Recording and transfer fees: States often impose a tax on the transfer of property. The payment of a fee for recording the purchasing documents may be required.
Additional charges: Surveyor's fees, termite and other pet infestation inspection fees, and the cost of other inspections required by the lender.
Adjustments: Items paid by the seller in advance and items yet to be paid for which the seller is responsible. The most common expense is property taxes, but others may have to be addressed.
Other Contingencies
A contingency in a contract states that if a certain requirement is not met, the deal can be canceled. Some of the most common contingencies related to home purchases include:
Professional home inspection: This states that your sales contract is contingent on a satisfactory report by a professional home inspector. You have the right not to proceed with the purchase of the home, or to re-negotiate the terms of purchase, if any major problems are uncovered.

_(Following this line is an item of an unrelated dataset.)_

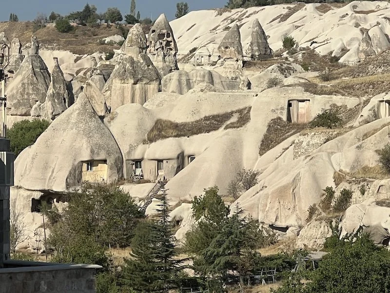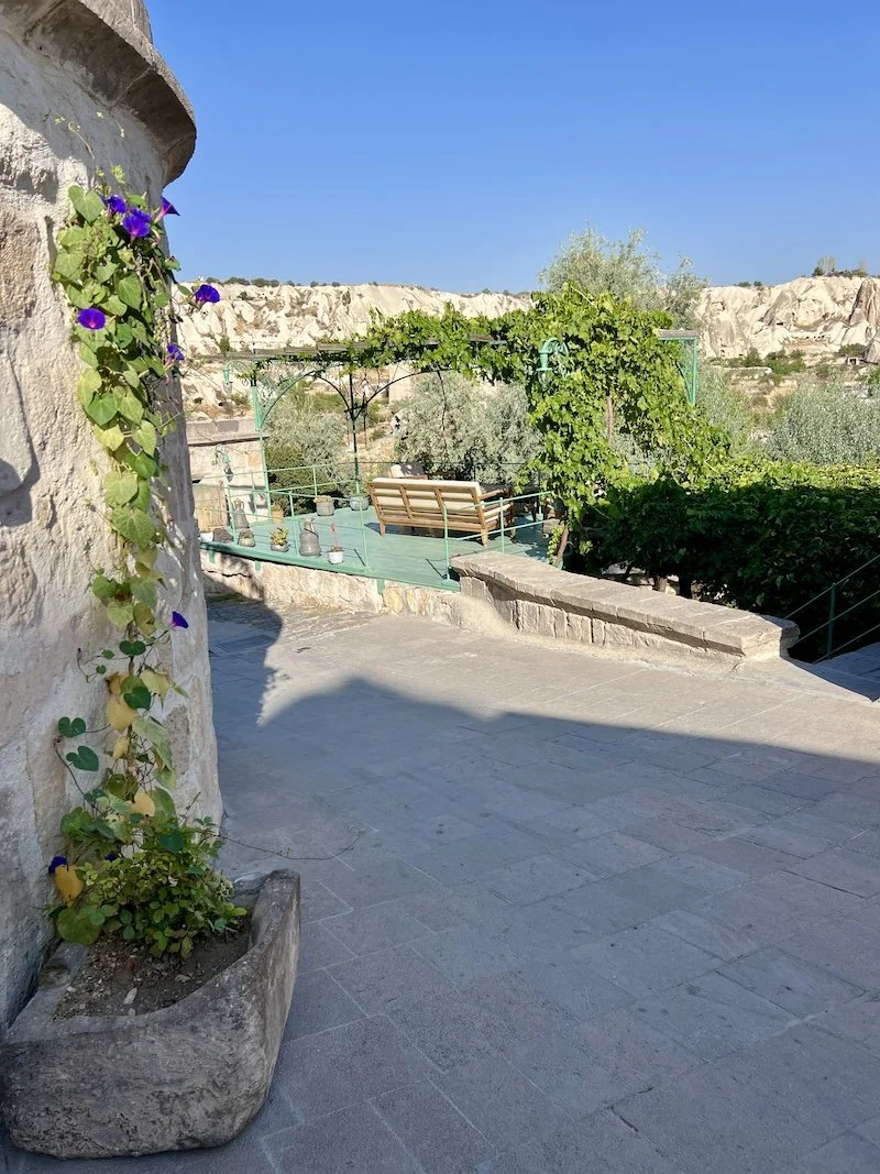 We took some pictures in the verandah of the hotel. We have to say that this was a unique experience staying in a cave. The Kelebek Cave Hotel was excellent. The food was great. The rooms were good. The service was excellent. It is on top of the hill so everytime you walk down, you get quite a workout walking back up. All said and done, if you are a fit person, this is an amazing place to stay. Strongly recommend it.
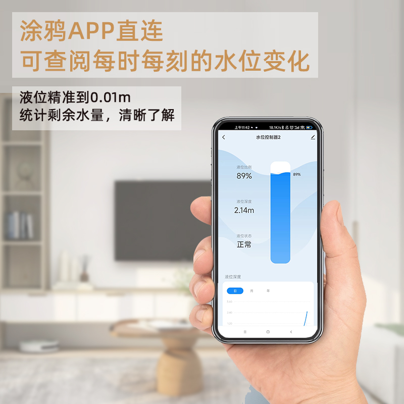 我们的超声波液位传感器可以实时检测液位情况,并通过手机实时查看。它可以观测到三种液位状态,包括正常、上限报警和下限报警,并且可以设置液位报警提醒。当液位达到上限时,手机APP会发送通知提醒,操作非常简单。传感器的有效探测距离为10cm到250cm,需要安装在水箱底部开孔处。手机上的涂鸦APP会根据实际液位变化而变化,当液位达到0.36m时,会出现上限报警提醒,当液位下降时,会恢复正常。上限和下限都可以由客户自由设置,以满足客户随时随地查看液位情况的需求,只需轻触手机即可查看液位情况。

Termite inspection: This states that the property is free of both visible termite infestation and termite damage.
Asbestos: You may choose to hire a qualified professional to inspect the home, take samples for asbestos, and offer solutions to correct any problems.
Formaldehyde: This colorless, gas chemical was used in foam insulation for homes until the early 1980s and is emitted by some construction materials. It is suspected of causing cancer, and it can also irritate the throat, nose, and eyes. A qualified inspector can let you know if the gas is present in the home you wish to purchase.
Radon: Most home buyers require that the house be tested for radon, a naturally occurring, odorless gas that can cause health problems.
Hazardous waste sites: The Environmental Protection Agency has identified contaminated hazardous waste sites across the country. You can contact your EPA regional office for more information.
Lead-based paint: You should also have the house inspected for lead-based paint, which can lead to very serious health problems. If the house was built before 1950, you can be fairly certain lead-based paint was used. For houses built between 1950 and 1978, there is also a chance lead-based paint was used. Lead disclosure regulations can vary from state to state. Health officials in the state where the home you want to buy is located may be able to provide further guidance.
The seller or real estate professional must give you a pamphlet that explains lead hazards and tell you about any lead-based paint of which the seller is aware before a sales contract on a home built before 1978 can be finalized. The seller must also allow 10 days during which you can hire a professional to conduct an inspection for lead-based paint hazards.
Over-improvement
Renovation or remodeling inappropriate to a site due to its excess size or cost, or inadequate return.
Owner Financing
A property purchase transaction in which the property seller provides all or part of the financing.
Owner Occupied Purchase
The purchase of a property for the purpose of the primary residence of the owner.